Back To Work Blues

Back to work today, the worst Monday of the year, a proper blue Monday. I’d much rather stay at home and play records. This should lift the spirits- an unofficial eight minute re-edit of New Order’s Vanishing Point (off 1989’s Technique) by Rich Lane. No vocals but not a second too long either.

Grapples With The Earth With Her Fingers

I was planning to post this anyway and happily reader Gentle Ben pointed it out in the comment box on Monday’s Sugarcubes remix post. Jim and William Reid also remixed Birthday, three times in fact (labelled Christmas Eve Mix, Christmas day Mix and Christmas Present Mix). They kept Bjork’s vocal and added buzzing guitars, dropping in and out in bursts, some ‘hey-hey-hey-hey’ backing vocals and a spoken word part. And some feedback. The Justin Robertson remix and these Jesus And Mary Chain ones show what good remixing should do- get the source material and take it somewhere else. All three versions are good.

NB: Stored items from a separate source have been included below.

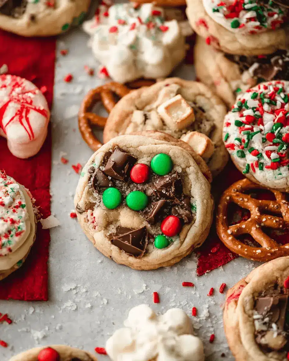 Once baked, let them cool on the baking sheet for a few minutes before transferring them to a wire rack. Enjoy these Kitchen Sink Christmas Cookies warm for that gooey, melty texture—an absolutely divine treat!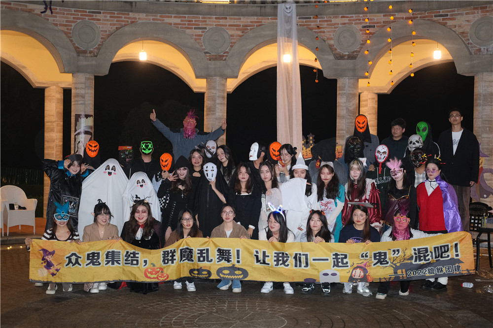 我們坐在大巴緩緩前行,一座古典的托斯卡納城堡映入眼簾,這便是今晚的狂歡之地。門邊的僵尸發(fā)出詭異的笑聲,墻上碩大的蜘蛛網(wǎng)散發(fā)著危險的氣息,這座古典的城堡即將被來自優(yōu)遠(yuǎn)公司的“貔貅”占領(lǐng),一場萬圣狂歡即將開始。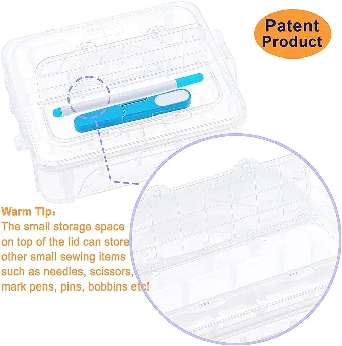 ·Stackable & Lockable Each Layer: Each layer can be stacked and locked with each other firmly. There are 20 plastic pins in each layer to hold each spool upwards, which can prevent the thread spools from falling down. The box is made by PP material with super transparency so that you can look for needed colors from outside.
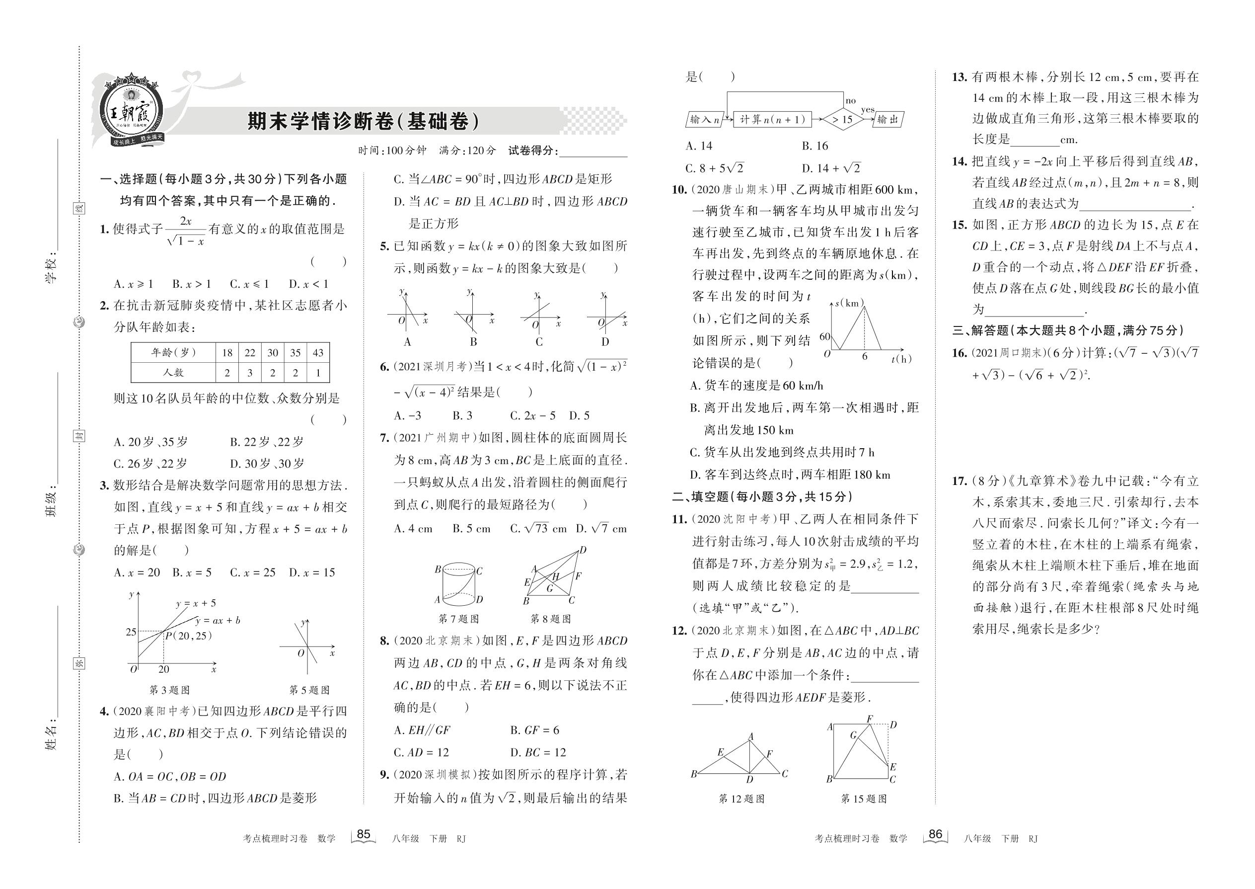 2022下册八年级数学人教版 期末学情诊断卷(基础卷)

On the original 1988 vinyl release these Mary Chain mixes were double grooved so depending on whether you hit one groove or the other you got one version or another. The third was on the B-side with a live song. The eight track ep, released in 1992, plays conventionally and has the Robertson mixes, Tony D remixes and The Sugarcubes demo version. Just so you know.

Birthday (Christmas Eve Mix)

She Lives In This House Over There

The Sugarcubes single Birthday was a record so unlike any other that it assured them some kind of instant hit status almost as soon as John Peel had taken it out of it’s sleeve. The album that followed- Life’s Too Good- was a massive indie hit. I saw them play live at some point, I think around ’89-‘ 90 (by which point they were promoting their second album, which wasn’t nearly as good). They were a good live band, Bjork doing her skippitty-boppity thing and co-vocalist Einar entertaining and annoying everyone.

Birthday got remixed by various people on an eight track e.p. Justin Robertson’s remix is the best. He avoids the easy route of just sticking a kick drum underneath and looping a little bit of Bjork’s vocal and concentrates on isolating the bass, adding some horns and a dub-dance feel (in keeping with his Lionrock project).